T’en souviens-tu encore, Godin? – Steve Veilleux

Steve Veilleux GodinSorti le 18 mars 2016

Le frontman de Kaïn Steve Veilleux se lance pour une seconde fois en solo. Lui qui est connu avec son groupe pour des chansons pop-rock accrocheuses change un peu de registre avec T’en souviens-tu encore, Godin?, où il se base essentiellement sur les textes du poète et politicien québécois Gérald Godin.

On se souviendra de Godin pour ses textes très francs, là où la censure n’avait pas sa place. Cela donne une matière première assez crue pour Steve Veilleux, qui a ensuite composé la musique sur les textes, jonglant tantôt avec du folk, tantôt avec du gros rock.
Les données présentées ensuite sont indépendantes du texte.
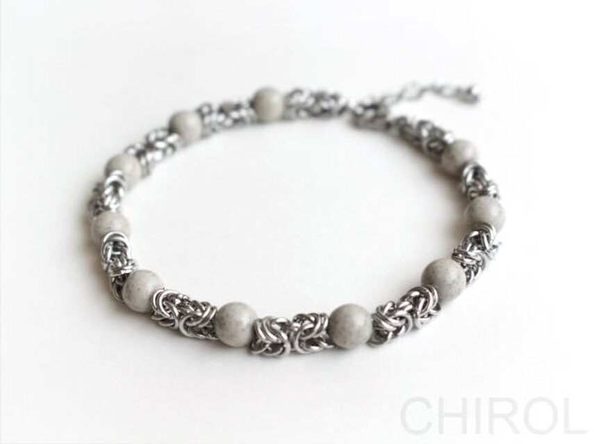 ★北投石をサージカルステンレスの丸カンをチェーン(ビザンチン)で繋いだブレスレットです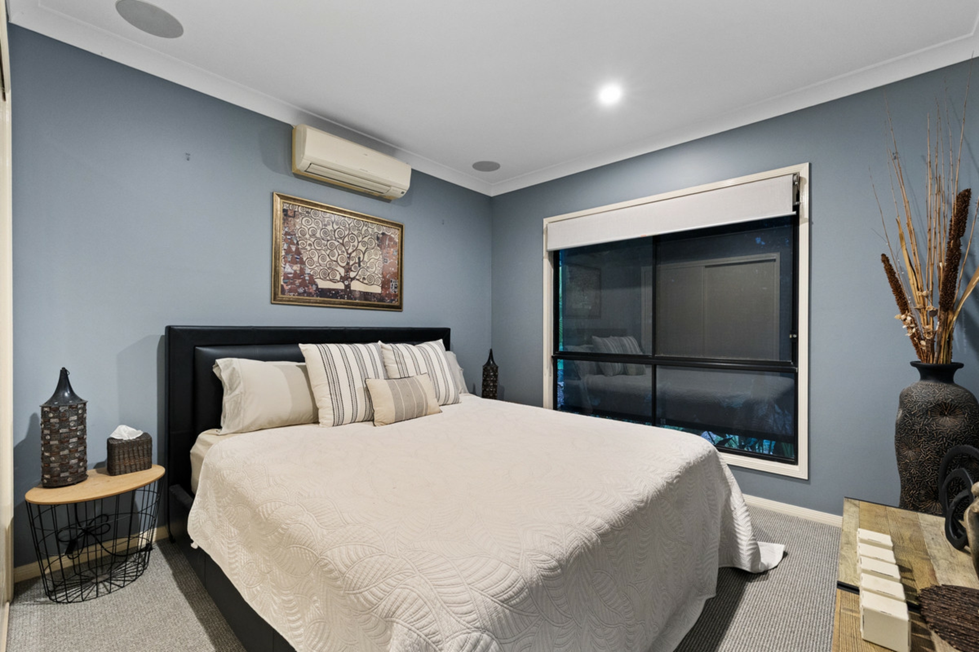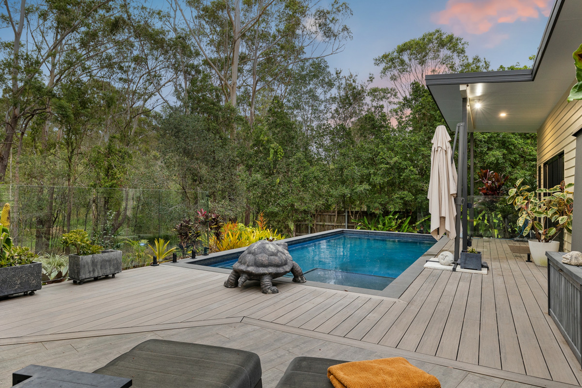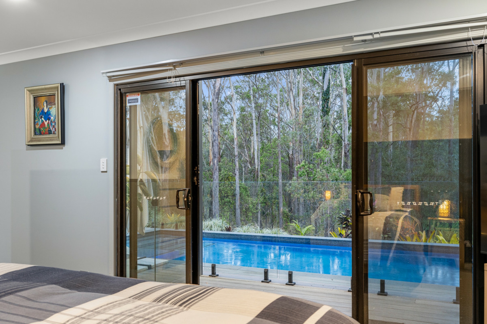 •Main bedroom with custom-built, walk through robe; huge ensuite with double vanity, spa bath, separate shower; direct pool access; bushland views

La première chanson à se faire entendre est Cantouque du retour. Musicalement, on n’a besoin que d’une guitare discrète et de la voix du chanteur, du moins au début. Dans la seconde moitié, on a droit à quelques développements très intéressants, ajoutant de l’intensité aux propos. Notons que la voix très caractéristique de Steve Veilleux se reconnaît instantanément, et qu’il ne serait pas impossible que vous ayez l’impression d’entendre du Kaïn en plus soft. Cette impression s’estompera au fil de l’album, alors qu’on entendra des registres que la formation drummondvilloise n’explorerait pas nécessairement.

Après un autre titre plutôt doux et épuré, on a droit à Cantouque de la fin de semaine, qui s’assume dans un rock plus élaboré, puis Jalousie, qui donne juste le bon ton aux propos de Godin, surtout au refrain. Veilleux rend aussi très bien justice au Cantouque des hypothèques, une des œuvres considérées comme incontournables de Godin.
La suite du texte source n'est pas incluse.